India’s UPI initially attracted Indonesia’s interest but Jakarta’s interest is now in much more than that
The architecture of that platform. Indeed, officials are now looking to integrate identity verification, document storage and payments into a unified system or the India Stack and not just a separate achievement.
That architecture works because the pieces are in concert. Aadhaar is a key to identity for more than 1.4 billion people, DigiLocker makes secure digital documents and UPI sends money between the two.
It’s that interlocking design and not just the specific tool that Indonesian policymakers consider to be the real lesson to learn.
Indonesia has already started to make some progress
At a Digital Identity Forum in Jakarta in December 2025, an official from the National Economic Council said digital transformation is not about moving old services online but about rethinking government work.

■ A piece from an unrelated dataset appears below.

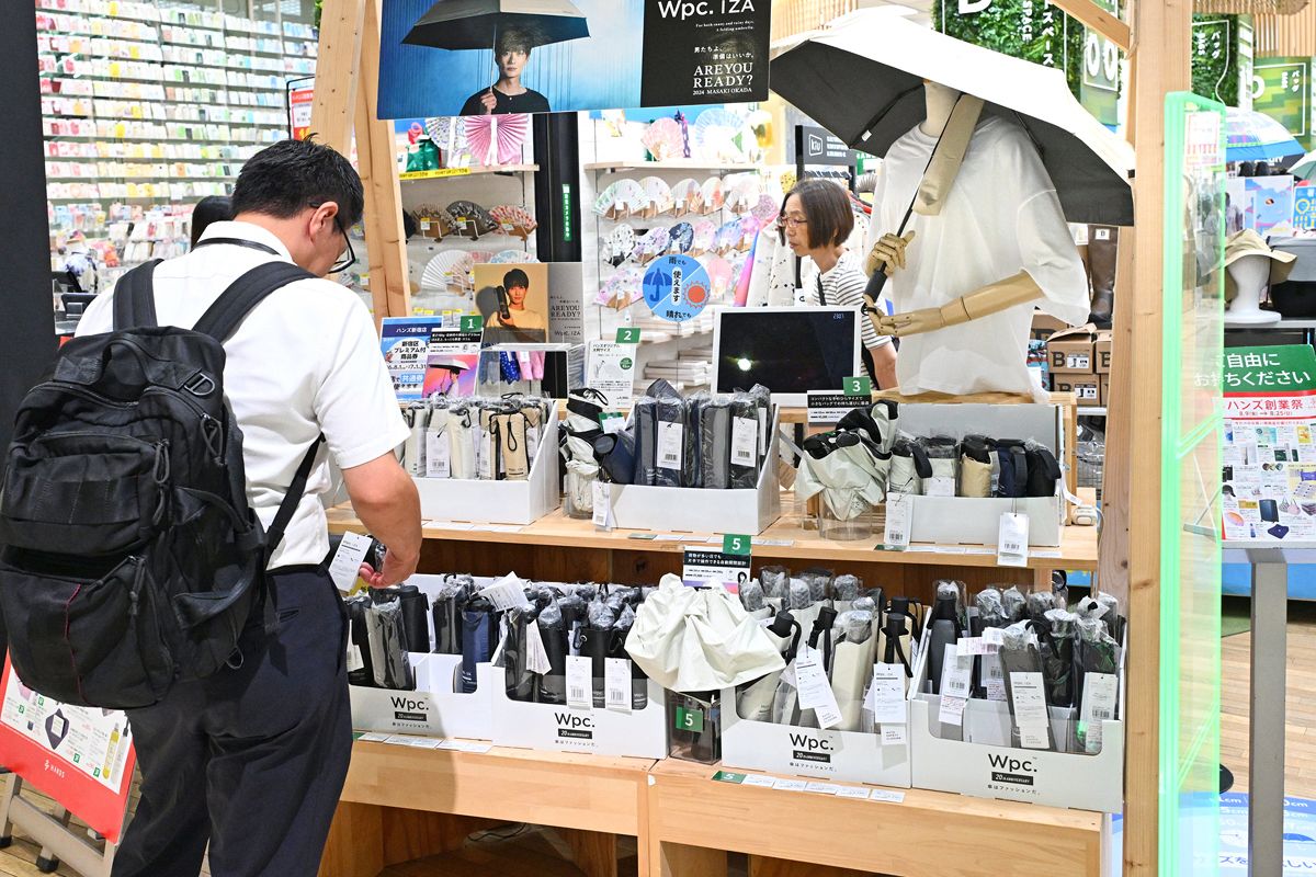 男性に人気の日傘コーナー。落ち着いた色味や大きめのサイズが豊富=東京都渋谷区のハンズ新宿店で

That view is being tested in the welfare pilot in Banyuwangi, East Java, where biometric tests with existing population data are used to get people cash and food assistance.
And the motivation is financial and technical, not just technical. Indonesia allocates more than IDR 500 trillion a year to social protection programs but much of that goes to the wrong recipients, and that is a challenge with nearly 300 million people.
If the pilot works, governments will expand it to at least 32 cities in 2026 and take it to the whole country. Indeed, talks between the two governments’ finance ministries had already begun to talk about UPI-like rails to settle bilateral trade and financial inclusion.
And now that payment conversation seems to have opened the door to a much bigger conversation.
India’s entire DPI export agenda is built on four pillars
UIDAI/India Stack, the open-source MOSIP platform, RuPay and Diksha, and UPI itself is still the world’s fifth largest payment network in terms of volume. Some don’t believe that this model can be reproduced.
Economist Anupam Manur of the Takshashila Institution has wondered how easily “public good” justifications can be extended from UPI to other state-backed digital platforms.
As UPI was 10 years old and handled 16.6 billion transactions in a month, researchers found that the system also generated a growing body of behavioral data and privacy protection in India that hasn’t been updated.
Digital ID and DPI in countries like Brazil, Nigeria and South Africa are governance tools as well as tech tools in their own right because they are the gatekeepers of who can enter the digital economy.
For Indonesia this playbook could mean more targeted welfare, financial inclusion and even homegrown interoperable systems for its economy not reliance on infrastructure built elsewhere.